Each command has its own set of options. collect and extract also need some configuration for talking to Twitter and Elasticsearch. The environment information needs to be stored in an EDN format (which basically means define a Clojure data structure, in our case a map). Here's an example with the required keys, configured to talk to a locally running Elasticsearch instance.

{
    :twitter-consumer-key "your-consumer-key"
    :twitter-consumer-secret "your-consumer-secret"
    :twitter-api-key "your-api-key"
    :twitter-api-secret "your-api-secret"
    :elasticsearch-url "http://localhost:9200"
    :elasticsearch-index "profanity_power_index"
}

You can specify this file with the --env argument, which defaults to env.edn (meaning it should be in the current directory you're running in).

Setting up Elasticsearch

There are a couple of shell scripts in dev-resources to help with managing Elasticsearch. They're configured to set up an instance at localhost:9200, but it's pretty easy to modify them since they're literally one curl command.

create_index.sh sets up an index called profanity_power_index on localhost:9200. Keep in mind if you want to change it you'll also need to change the corresponding entry in env.edn.

tweet_index.json is the index definition of the tweet. It's a single mapping for a tweet type. I pulled it from this repo, which is maintained by Elastic. I made a slight modification to the dynamic mappings so that the quoted_status.text field gets analyzed.

Installing Turbine

Turbine is a data processing library I wrote, and is the only dependency not on Clojars / Maven Central. To install it, clone the repo (linked) and run lein install. Once turbine is feature complete I'll add it to Clojars, but it isn't there yet. It does have enough functionality for the purposes of this application and works well.

collect

Assuming you have Twitter API keys, turbine installed, and a running Elasticsearch instance, this is a straightforward command to execute. There is one option that can be repeated as necessary: --track [-t], which specifies the tracking keyword in the Twitter streaming API.
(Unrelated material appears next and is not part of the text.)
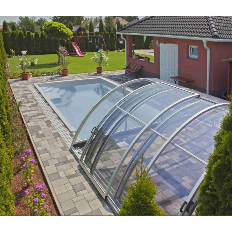 El recinto de la piscina Zen de caña media en forma de arco telescópico con riel a todas las ventajas de una protección de piscina con un diseño cómodo y elegante.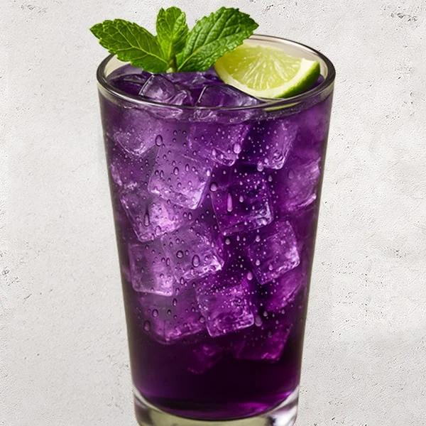 Apple elderflower syrup, butterfly pea, fresh lime, and mint, topped with soda

For example, to track President Trump, Vice President Pence, and Speaker Paul Ryan, with the environment configured in env.edn, you'd run:

lein run collect --track trump -t pence -t speakerryan

This would fire up a connection to Twitter, send the data for processing through turbine, which dumps it into Elasticsearch. If you want to use Kibana, you can create some pretty cool dashboards while the data streams if you'd like, but that isn't required to get the data.

extract

The extract subcommand is used to pull the data out of Elasticsearch into a CSV file for consumption by the site generator (or anything that can read a CSV file). Here are the options:

--start-time -s START_TIME   The start time for the extraction.
--end-time   -e END_TIME     The end time for the extraction.
--target     -t QUERY TARGET The query string and associated target.
--output     -o OUTPUT_FILE  The name of the output file.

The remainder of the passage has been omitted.